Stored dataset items
-- -- --

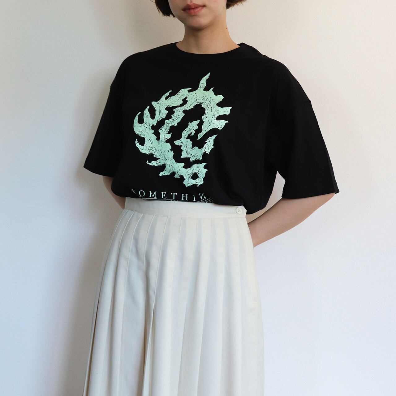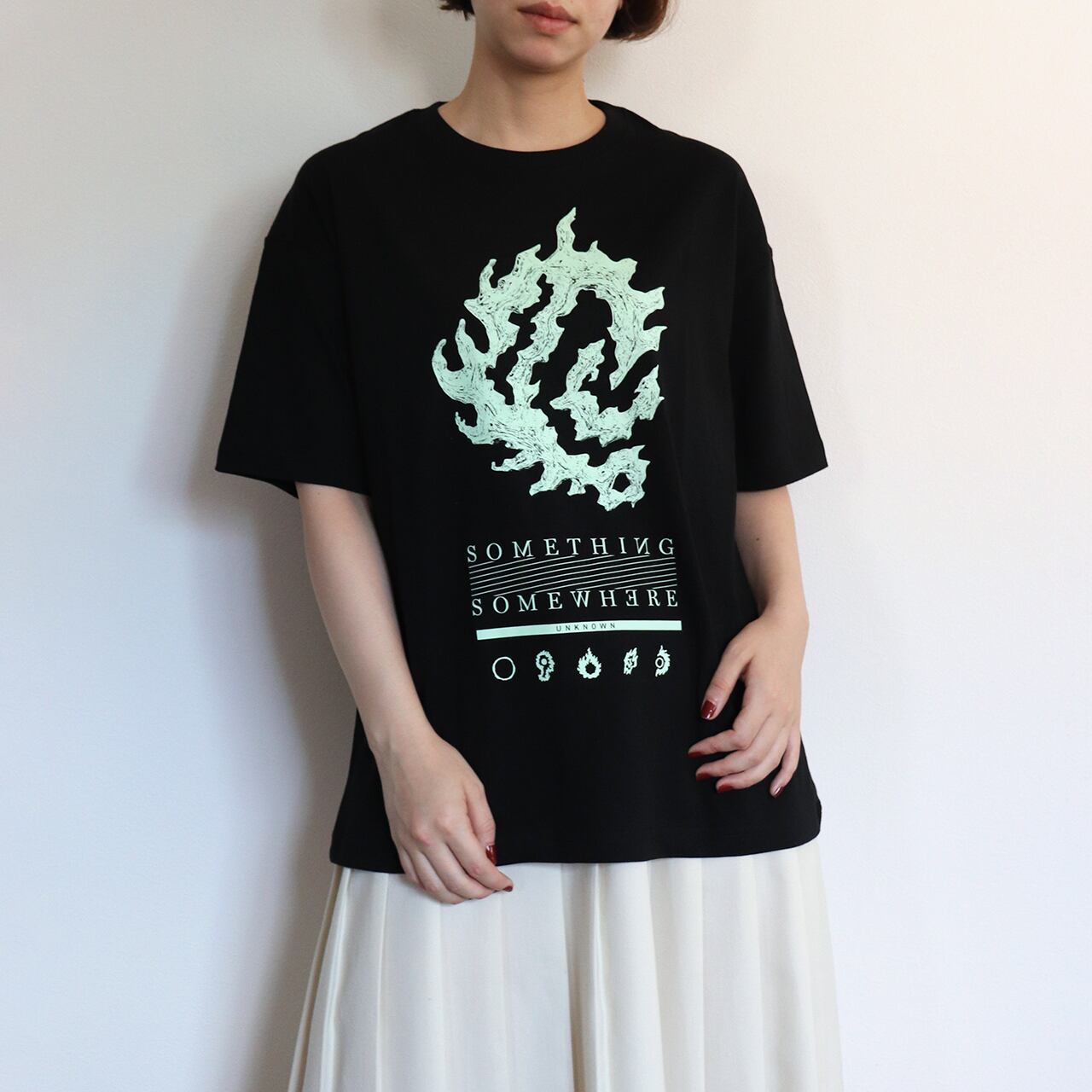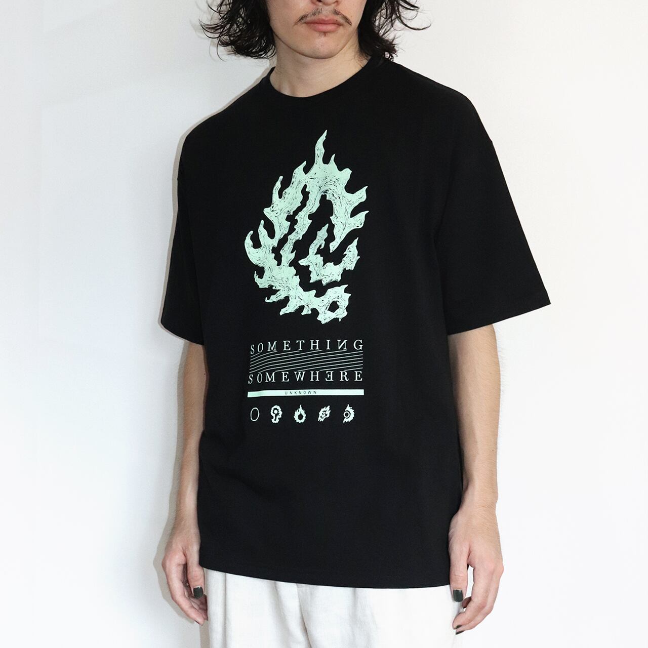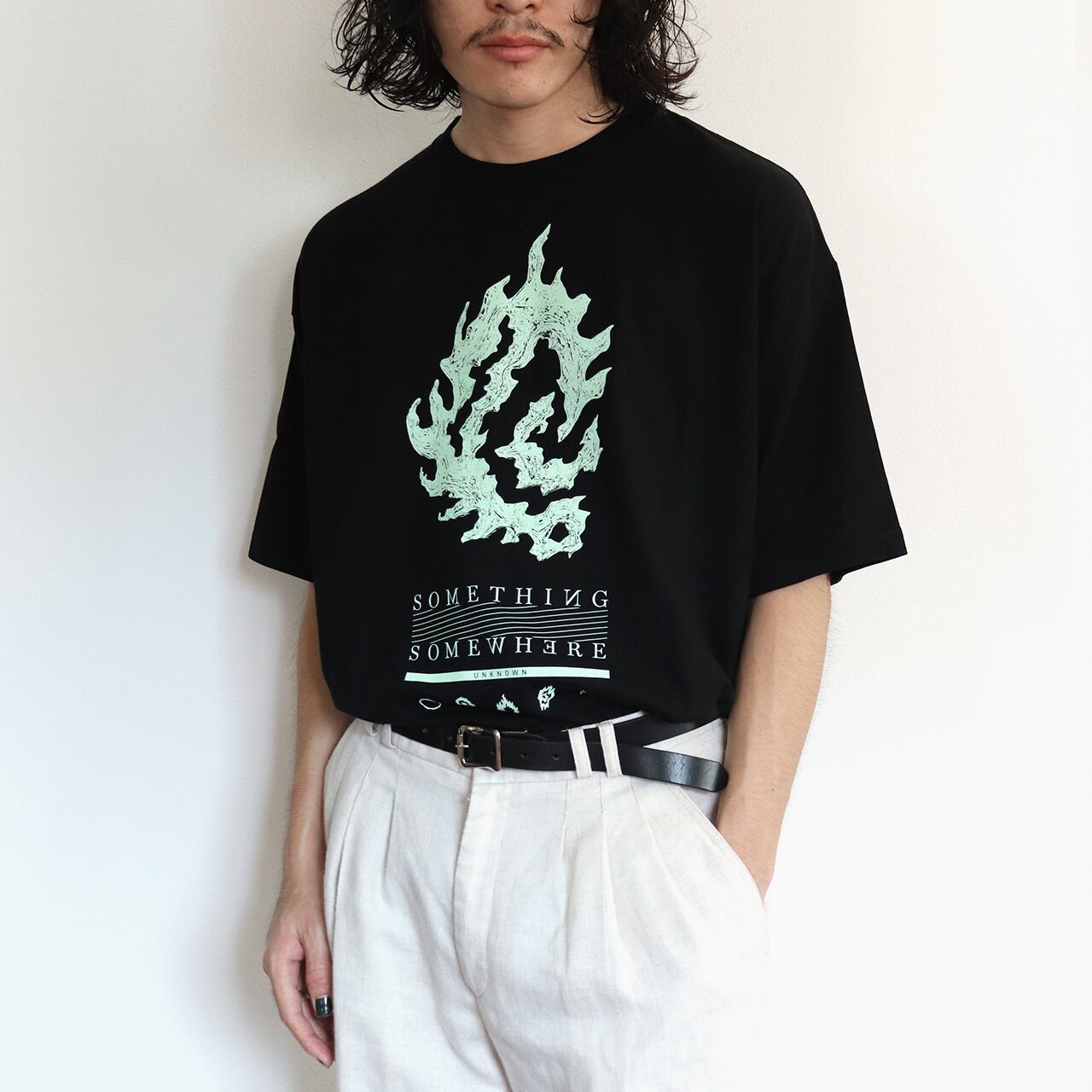 「SOMETHING SOMEWHERE」シリーズのビッグシルエットTシャツです。シリーズの中でもひときわ存在感のあるグラフィックを大胆にプリントしたモードな一枚です。
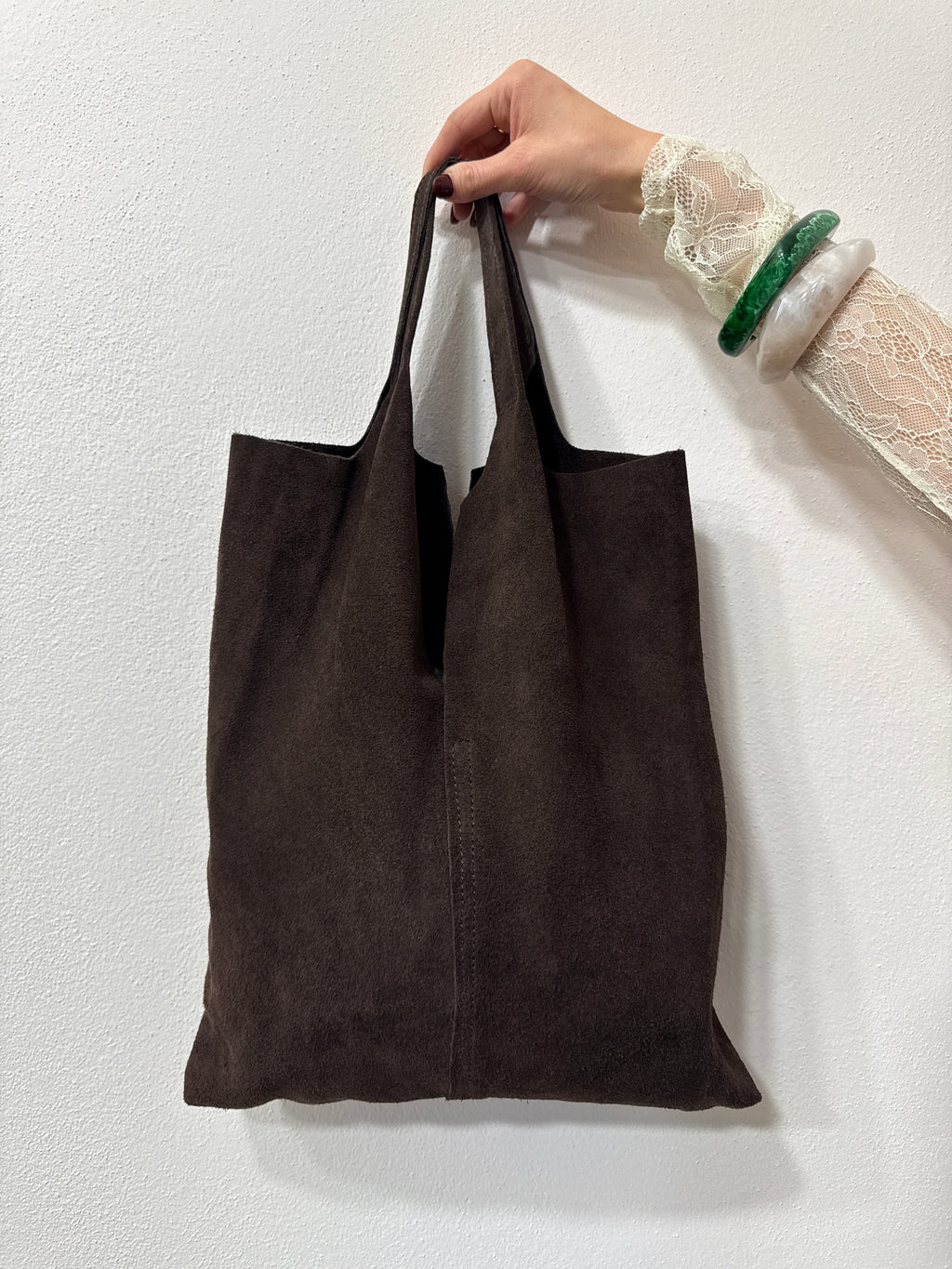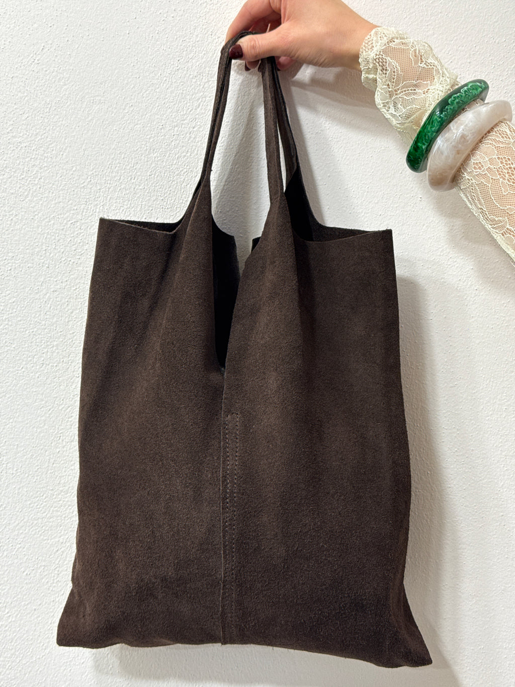 Borsa shopper in suede cioccolato
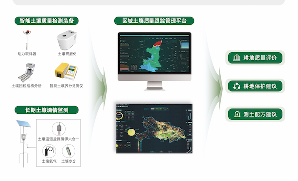 在土地平整、農(nóng)田整治的基礎(chǔ)上,利用耕地質(zhì)量監(jiān)測(cè)智能化裝備與土壤傳感器體系采集土壤理化相關(guān)指標(biāo)、土壤含水量、區(qū)域農(nóng)業(yè)氣象等數(shù)據(jù),實(shí)現(xiàn)田間地情、肥情、環(huán)情、墑情的監(jiān)測(cè)分析。聯(lián)動(dòng)應(yīng)用區(qū)域土壤質(zhì)量跟蹤管理平臺(tái),為耕地監(jiān)管單位建立數(shù)字化管理體系,實(shí)現(xiàn)高標(biāo)農(nóng)田耕地質(zhì)量的長(zhǎng)效化、動(dòng)態(tài)化、智能化監(jiān)測(cè)與管理。
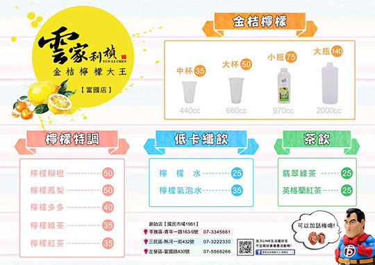 位於南高雄青年路國民市場的老字號雲家檬檬大王由雲利禎老先生,創立於1961年!從年輕時候不斷研發各種小吃,除了本著自身對食物的熱情,也因為多了創意及勇於嘗試的精神,經過不斷的試驗改良精進、最後研發出檸檬汁結合金桔(ㄐㄧㄝˊ)搭上獨家配方的砂糖漿,創造出人人愛不釋口的金桔檸檬汁,也就是高雄人都熟悉的青年路國民市場-雲家檸檬大王。「常喝一杯檸檬汁 還你青春二十年」雲老先生經常以標語廣宣方式,結合擅長的毛筆書寫來提醒顧客檸檬對身體健康的重要性。現在我們來到凹子底這邊繼續推廣 並改名為(雲家利禎) 堅持每天使用新鮮的金桔檸檬現壓原汁做為調飲,並增加其它檸檬飲品相關選項,多元化的經營讓更多朋友知道檸檬對身體的好處,在末來我們將持續對這份傳統口味的堅持,最在地的口味- 雲家利禎金桔檸檬大王!
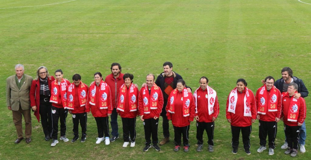 Presentes na apresentação, a vice-presidente da Câmara de Santarém, Inês Barroso, o presidente da APPACDM de Santarém Luís Amaral, o presidente da SAD da União José Gandarez e do clube, Pedro Fernandes, para além de alguns dos mais de vinte atletas que constituem esta secção autónoma.
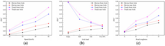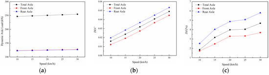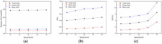 Figure 14 shows the dynamic axle load, DLC, and IM changing with the speed in curved road sections. The dynamic axle load, DLC, and IM of the device all increase with the increase in speed. The total dynamic axle load increased from 242.60 kN to 246.39 kN; DLC increased from 0.001 to 0.016; IM increased from 2.05% to 9.09%. When the vehicle speed reaches 30 km/h, the IM value increases significantly. The main reason is that in curved road sections, the device relies on rigid wheel-track contact to swerve, and the change in wheel-track contact force is proportional to the square of the speed. Therefore, as the speed increases, the wheel-track contact force will increase significantly, causing the device to vibrate and the significant changes in the dynamic axle load.
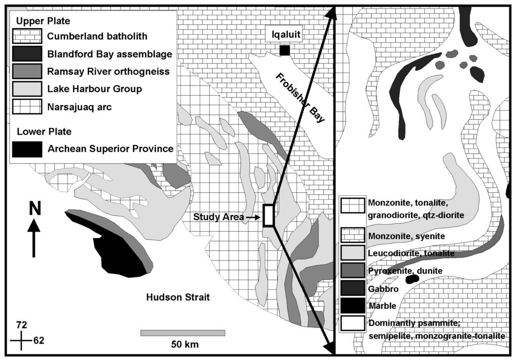 Regional geology of south-western Baffin Island and zoom of local geology of the study area (1:100 000) (modified from St-Onge et al., 1999).
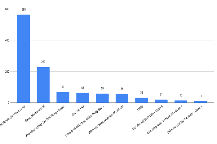 Top 10 chùm lây nhiễm chính tại TP HCM (dữ liệu cho đến ngày 26/6).
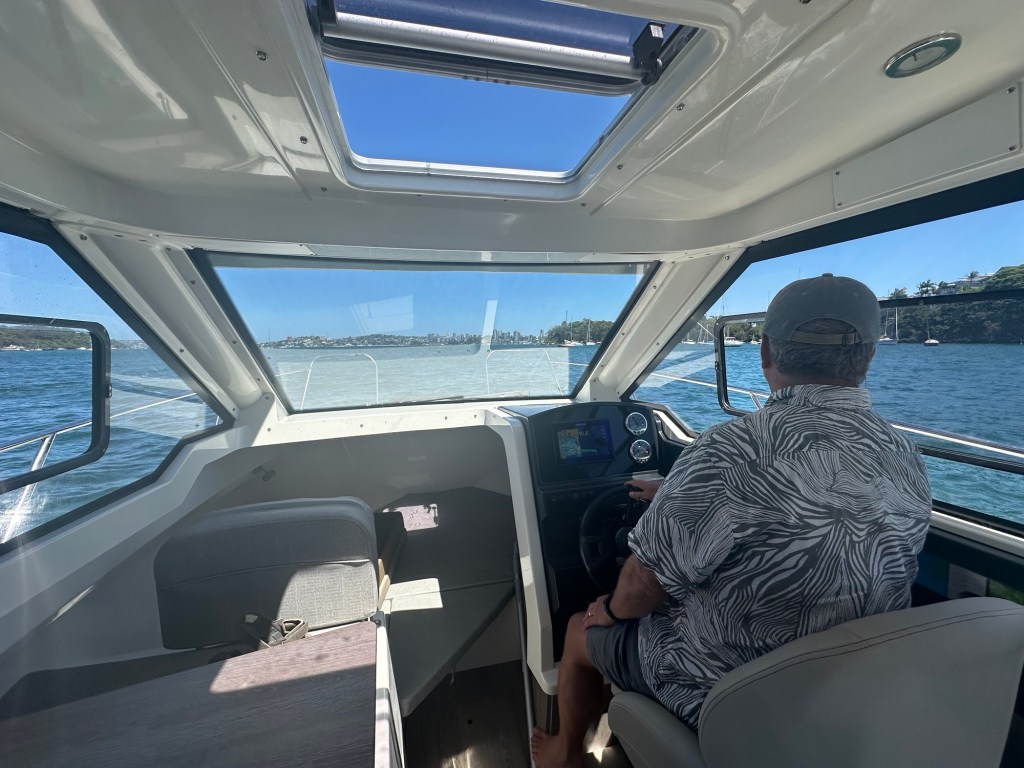 The sea was rough that afternoon, with winds exceeding 20 mph. The boat we rented was an older model with an indoor cockpit, a weird boat to drive. It reminded me of the Pontiac minivan we bought after the girls were born. We cruised past the Opera House, went under the Harbour Bridge, and ventured east toward Manly Bay.

-- -- --

PROMPT: Reproduce only the lines from the first line of the entries through the line containing "Borsa shopper in suede cioccolato", exactly and with both ends kept. Omit the pictures.

ANSWER TO THE PROBLEM:
 「SOMETHING SOMEWHERE」シリーズのビッグシルエットTシャツです。シリーズの中でもひときわ存在感のあるグラフィックを大胆にプリントしたモードな一枚です。
 Borsa shopper in suede cioccolato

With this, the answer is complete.